Yes that was my fault and then continued to derail it with the QE stuff
sorry.
zalo wrote:Maybe industries thought it had a bad nerd stigma, and inadvertently starved the public of a product that it would really like!...
I think in the early days it would of just been to expensive to have a proper consumer VR HMD and after that there was just no interest since VR came out and peeked interest but then not releasing any proper consumer product it just died off. You then had attampts over the years but they all fell short and never gave a proper experience. iGlasses tried t ofix it by using somewhat affordable at the time high res 640x480 screens etc but the FOV was still narrow and you wern't properly enclosed and the head tracking wasn't great and consumer wise software never got behind it so they were all aim with your head reather then look with your head aim with the mouse which most ppl I know find it really annoying and i think thats why it didn't really kick off.
I remember the first time I used one in an arcade, can't remember the came it was just a rail shooter so you stood in the thing but your guy walked around by himself all you did was look around and point the crosshair at things to shoot. The graphics were just low poly shaded and resolution was terrible (had to be less then 320x240 but hey the machines were only running a 286 so you couldn't do much more) and you could see the subpixels however there was no clear mesh effect over the image, the FOV wasn't great but still better then consumer HMDs since and you were fully enclosed with whever they used so you didn't just see the sharp edge of the screen so even though it wasn't a HUGE FOV you still felt like you were really there looking at something not just looking at a small screen. It was heavy, the tracking was slow but even with that, the low res, seeing subpixels, lower FOV etc it was fantastic. I was sure in the coming decade things would of just gotten WOW and been the same in the home.
But alas as the years went by and HMDs did come out such as VFX-1, iGlasses, VFX-3D, Phullips Scuba, eMagin basically every single one of them were..... crap.... none of them you had that feeling that you were actually there looking at it they were all just screen in an empty black room syndrome, not taking into account how good the tracking was it was still expensive to get it with it, resolution got better but that didn't really do much while keeping the low FOV and basically nothing except the VFX really did a job of immersing you in the vision of what FOV there was.
Perhaps if they made the games so you didn't aim with your head things may of taken off better and they did a good job marketing the eMagin but it still fell flat with having to head aim with every game and i think even with acurate low latency tracking that would of still killed off the whole VR thing. Basically any HMD I used I disabled the head tracking and just used it to try and feel like your really there looking at things (which again usually failed because of the FOV) which is sad since the head tracking is a big element of VR and really adds to your perception of immersion. Because of the whole head aim thing I never actually bought a proper HMD ever since everyone I tried without using tracking was just so disappointing with the immersion factor and that was the only reason I wanted one fo immersion.
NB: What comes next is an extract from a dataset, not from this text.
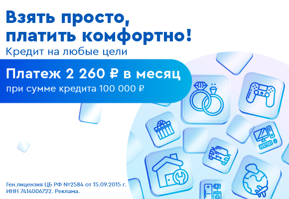 🔹 перечислим деньги через 15 минут после подписания договора. Расскажем больше и поможем оформить кредит по телефону круглосуточного Контакт-центра: +7 (3519) 248 933.

I don't know if many other people felt the same way but if they did then its more a matter of the software industry was the reason consumer HMDs never really took off and got anywhere as I think if they had proper head tracking rather then just mouse emulation for head aiming (I know there were a couple of games that did but 2/100000 is nothing
) in the games then I think VR would of probably taken off years ago regardless of low resolution and FOV and hopefull the RIFT will fix that problem (but again only if people actually write the games to be able to do it instead of just mouse emulation)
Anyway I can't believe how much I just ranting on about so I think i'll stop there about that.
I'd like to know whats going to happen with the kickstarter.... all the talk was about around 100 kits and now will be purchasing the parts before the kickstarter because of the funding gotten, so having never used kickstarter before and reading aboutthe pledge limits with OUYA what happens if there's a huge flux and 100's or 1000's of ppl that want a RIFT kit? Have to get in first and all the rest can not pledge for a kit or get told they'll be waiting longer for it etc?